Dataset entries

****************

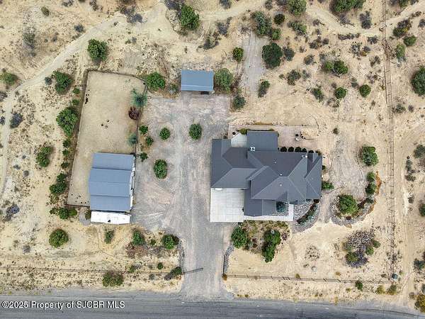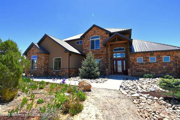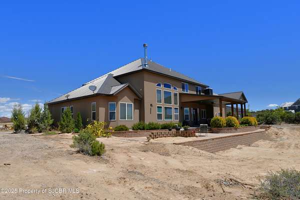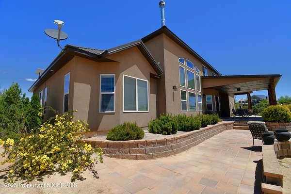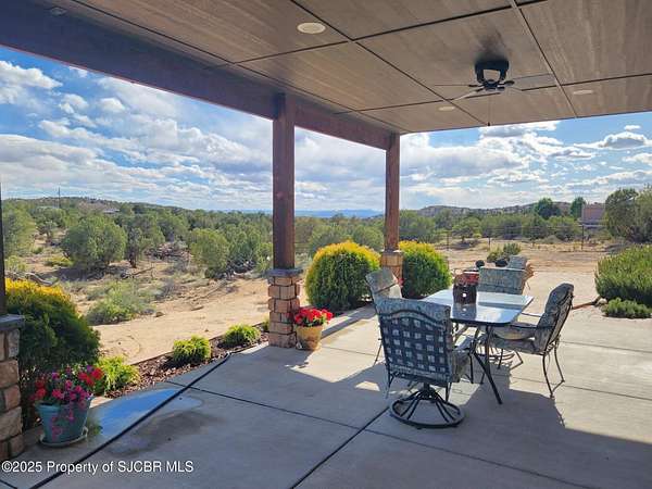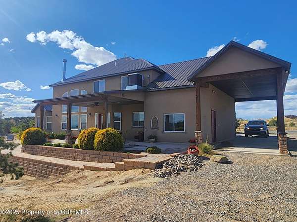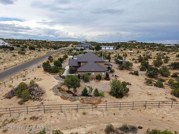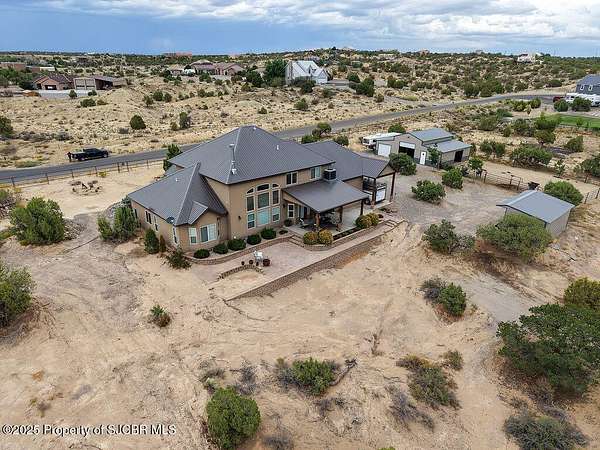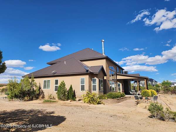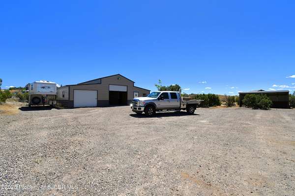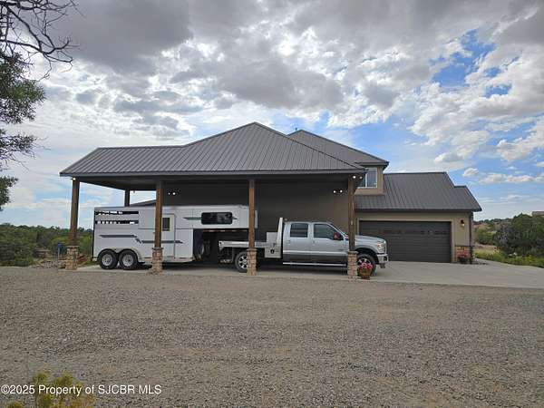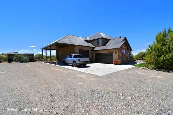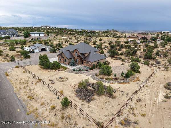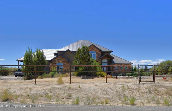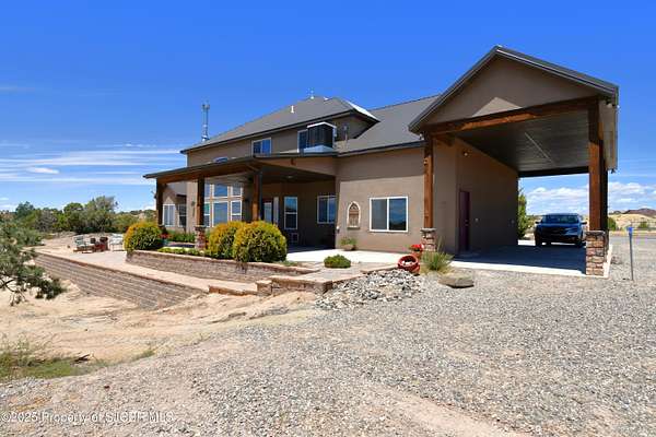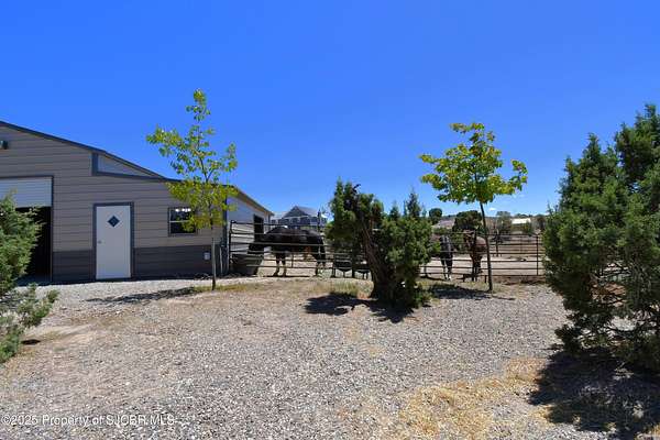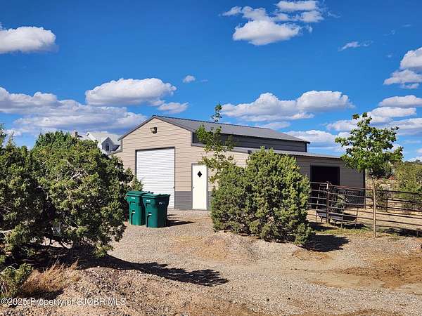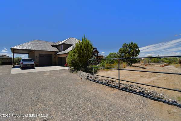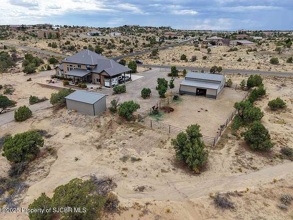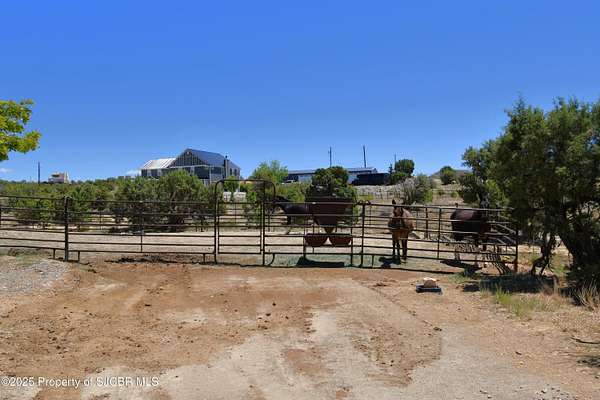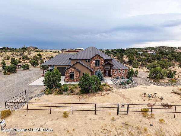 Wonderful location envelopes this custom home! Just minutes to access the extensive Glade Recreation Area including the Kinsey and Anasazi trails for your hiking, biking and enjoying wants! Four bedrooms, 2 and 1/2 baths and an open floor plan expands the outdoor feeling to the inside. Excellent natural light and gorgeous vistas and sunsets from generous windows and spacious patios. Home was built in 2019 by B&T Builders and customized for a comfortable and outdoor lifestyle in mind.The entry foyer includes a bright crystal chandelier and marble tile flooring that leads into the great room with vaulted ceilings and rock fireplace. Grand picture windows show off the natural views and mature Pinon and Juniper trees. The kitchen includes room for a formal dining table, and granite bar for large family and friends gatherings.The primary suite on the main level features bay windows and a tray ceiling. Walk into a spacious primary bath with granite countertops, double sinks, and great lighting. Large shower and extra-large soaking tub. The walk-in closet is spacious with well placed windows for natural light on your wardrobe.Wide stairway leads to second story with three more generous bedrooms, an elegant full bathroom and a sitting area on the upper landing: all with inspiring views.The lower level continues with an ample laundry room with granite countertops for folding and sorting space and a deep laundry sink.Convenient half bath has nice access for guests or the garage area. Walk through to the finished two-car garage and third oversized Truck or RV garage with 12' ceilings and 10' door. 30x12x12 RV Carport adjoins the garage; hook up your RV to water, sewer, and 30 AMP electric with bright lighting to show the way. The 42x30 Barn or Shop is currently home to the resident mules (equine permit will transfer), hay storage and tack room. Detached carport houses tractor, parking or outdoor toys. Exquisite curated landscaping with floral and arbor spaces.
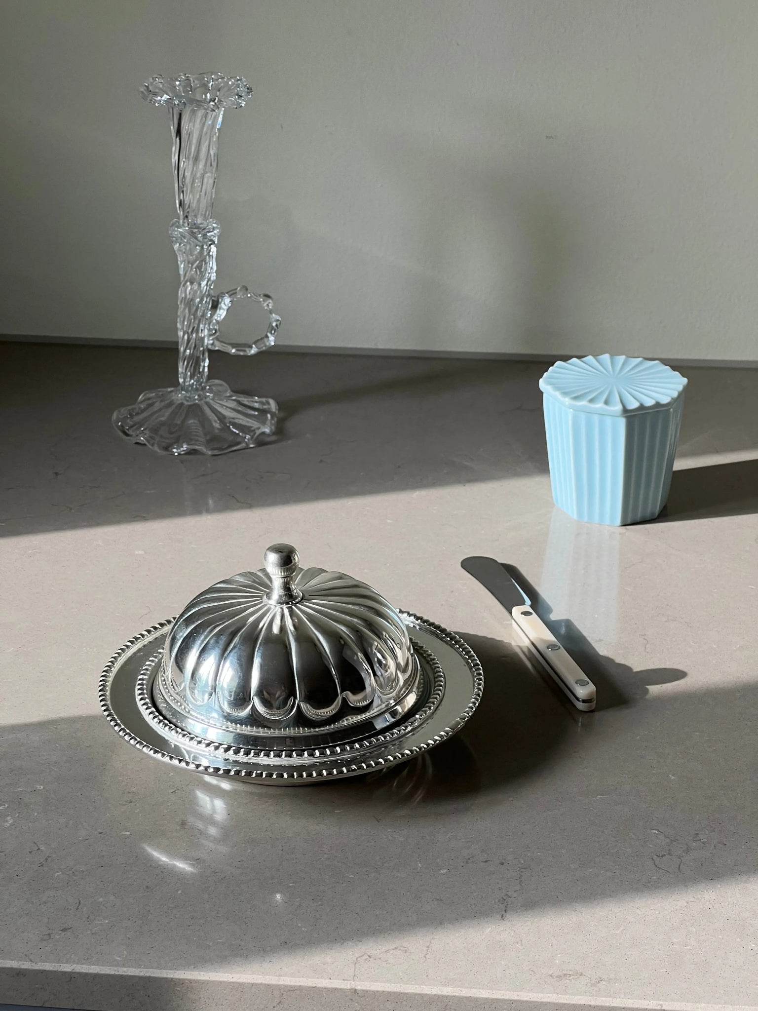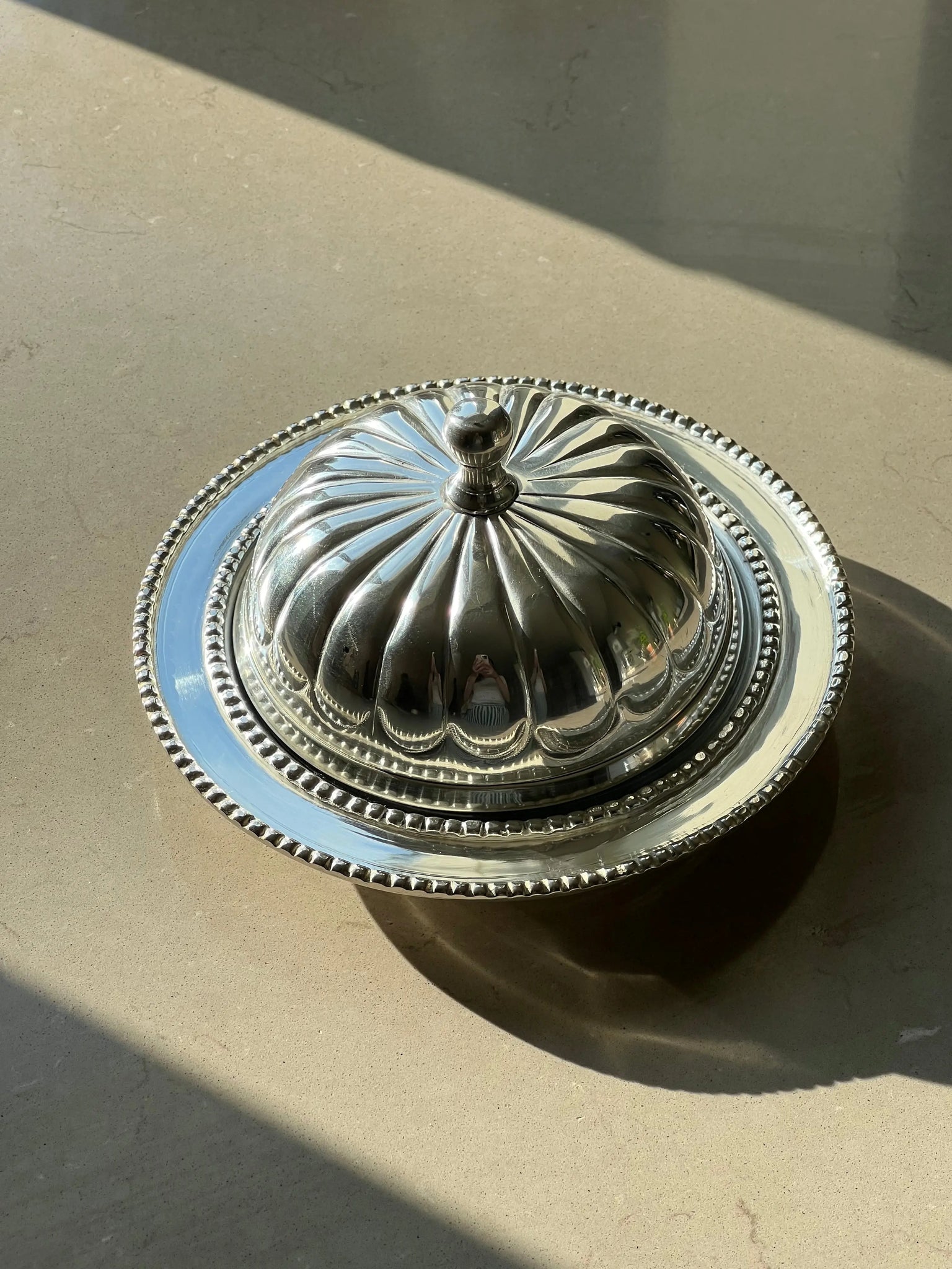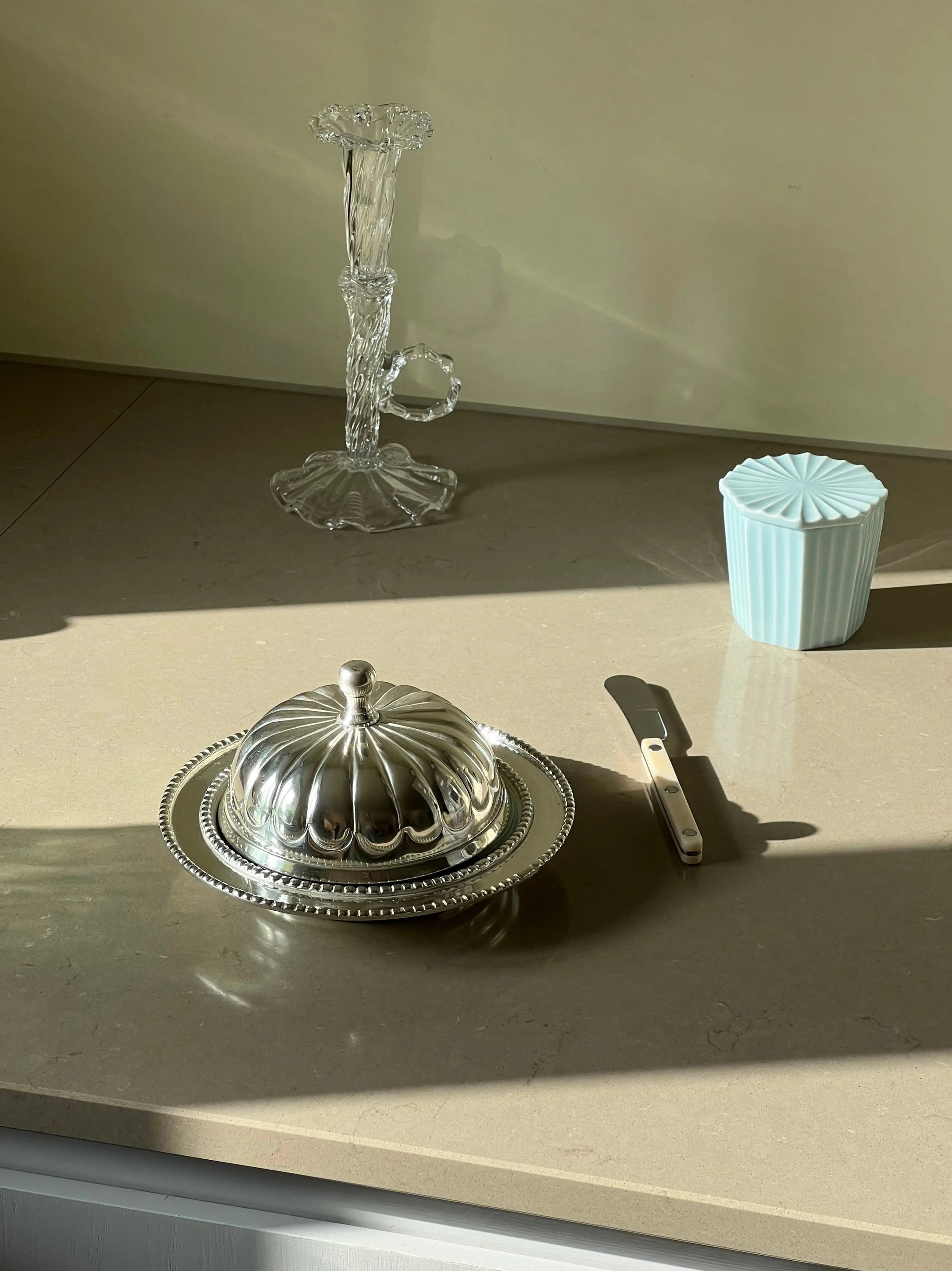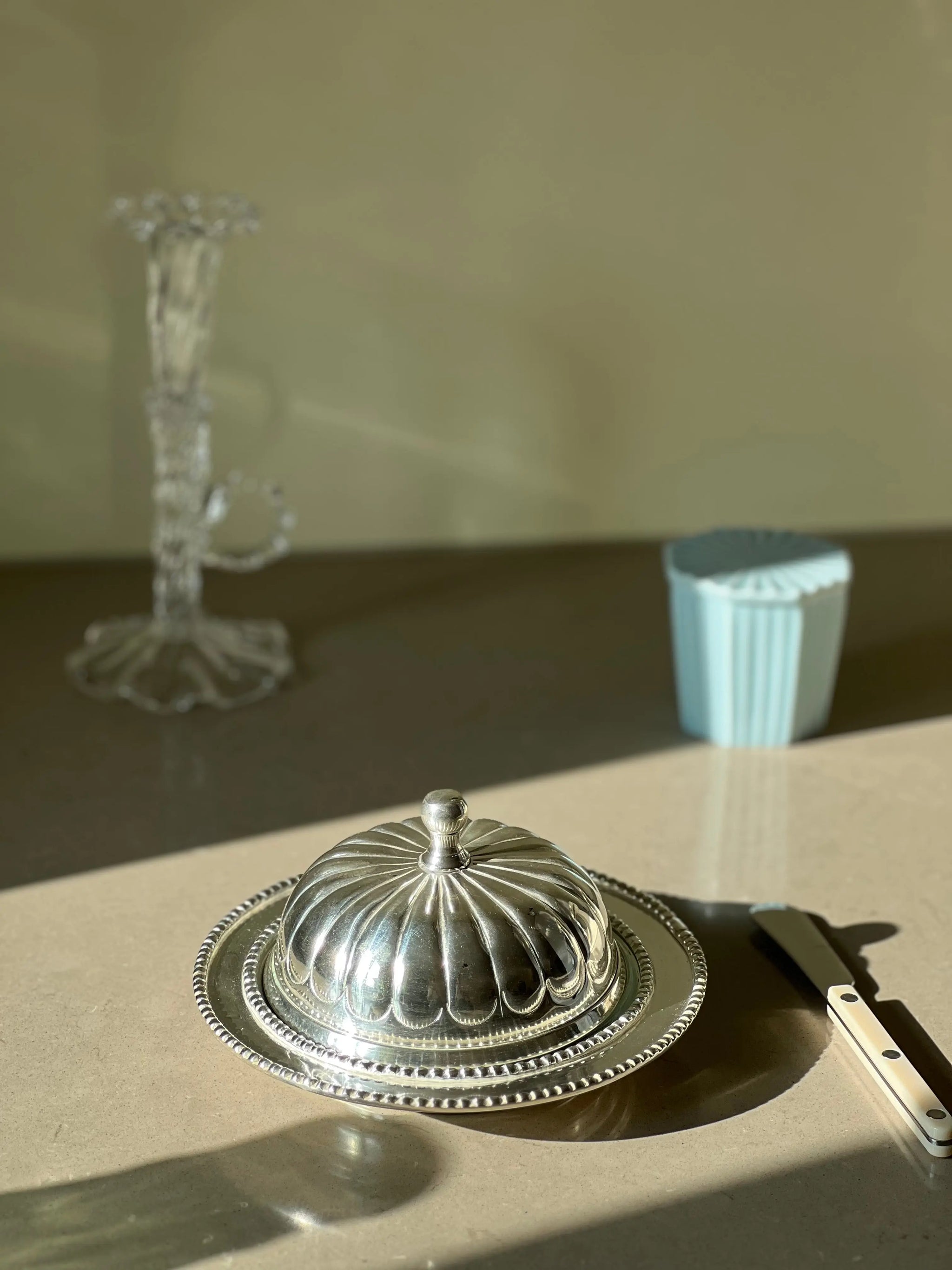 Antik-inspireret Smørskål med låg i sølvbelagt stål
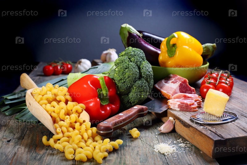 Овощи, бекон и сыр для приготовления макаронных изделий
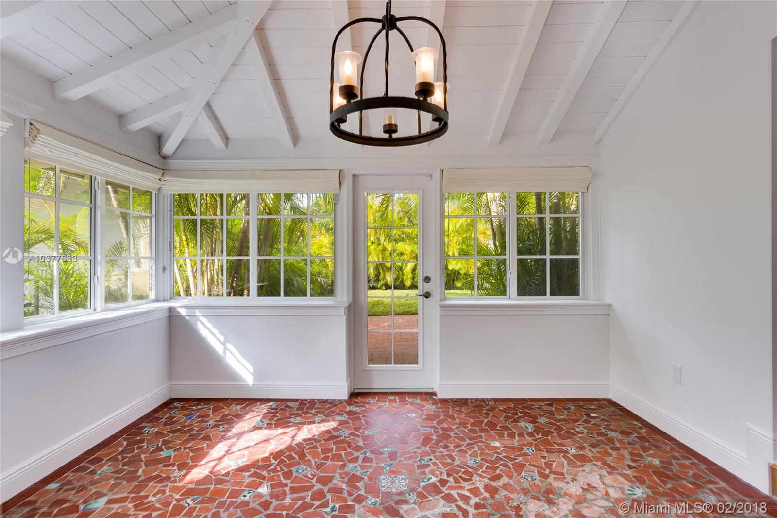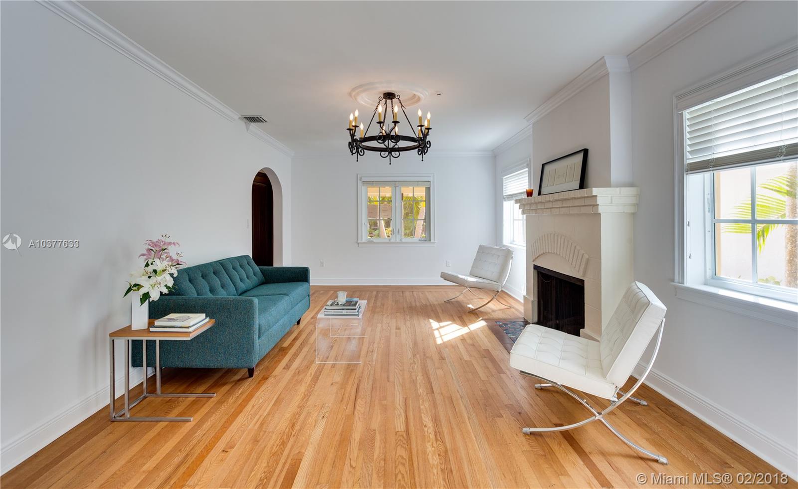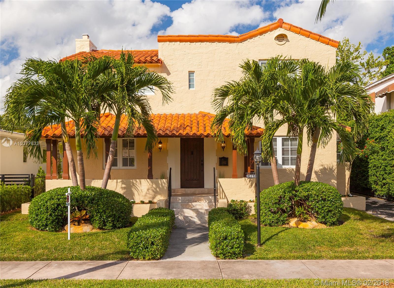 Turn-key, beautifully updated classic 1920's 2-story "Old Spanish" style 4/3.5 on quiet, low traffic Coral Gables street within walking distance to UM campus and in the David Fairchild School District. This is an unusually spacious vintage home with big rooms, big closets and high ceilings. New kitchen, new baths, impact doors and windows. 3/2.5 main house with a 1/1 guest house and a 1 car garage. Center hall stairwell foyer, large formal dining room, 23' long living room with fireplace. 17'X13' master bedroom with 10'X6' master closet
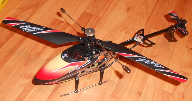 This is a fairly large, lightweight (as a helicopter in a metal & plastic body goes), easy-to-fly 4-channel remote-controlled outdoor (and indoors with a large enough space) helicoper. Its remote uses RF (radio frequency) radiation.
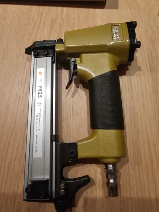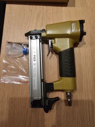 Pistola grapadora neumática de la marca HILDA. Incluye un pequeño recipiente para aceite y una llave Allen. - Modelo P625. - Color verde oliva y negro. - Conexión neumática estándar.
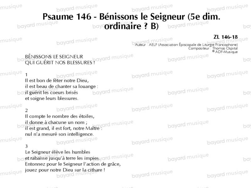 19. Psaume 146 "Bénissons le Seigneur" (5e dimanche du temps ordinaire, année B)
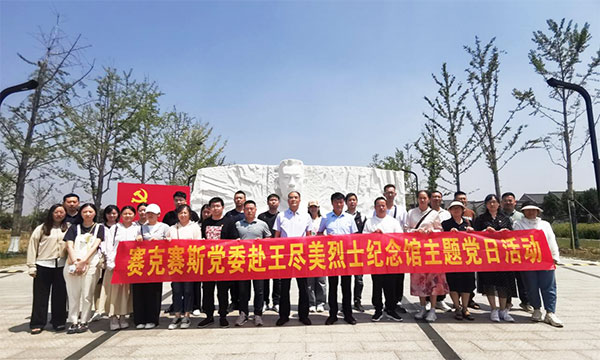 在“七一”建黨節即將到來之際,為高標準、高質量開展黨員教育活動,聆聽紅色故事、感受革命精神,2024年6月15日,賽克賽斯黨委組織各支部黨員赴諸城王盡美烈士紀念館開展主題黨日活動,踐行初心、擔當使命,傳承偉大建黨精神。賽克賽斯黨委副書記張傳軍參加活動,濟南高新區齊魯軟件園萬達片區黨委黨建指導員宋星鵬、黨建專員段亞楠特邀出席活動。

****************

_WHAT TO WORK ON_
From the line that contains "19. Psaume 146" to the last line of the records above, copy each line exactly, both ends included, and leave the pictures out.

_WORKED SOLUTION_
 19. Psaume 146 "Bénissons le Seigneur" (5e dimanche du temps ordinaire, année B)
 在“七一”建黨節即將到來之際,為高標準、高質量開展黨員教育活動,聆聽紅色故事、感受革命精神,2024年6月15日,賽克賽斯黨委組織各支部黨員赴諸城王盡美烈士紀念館開展主題黨日活動,踐行初心、擔當使命,傳承偉大建黨精神。賽克賽斯黨委副書記張傳軍參加活動,濟南高新區齊魯軟件園萬達片區黨委黨建指導員宋星鵬、黨建專員段亞楠特邀出席活動。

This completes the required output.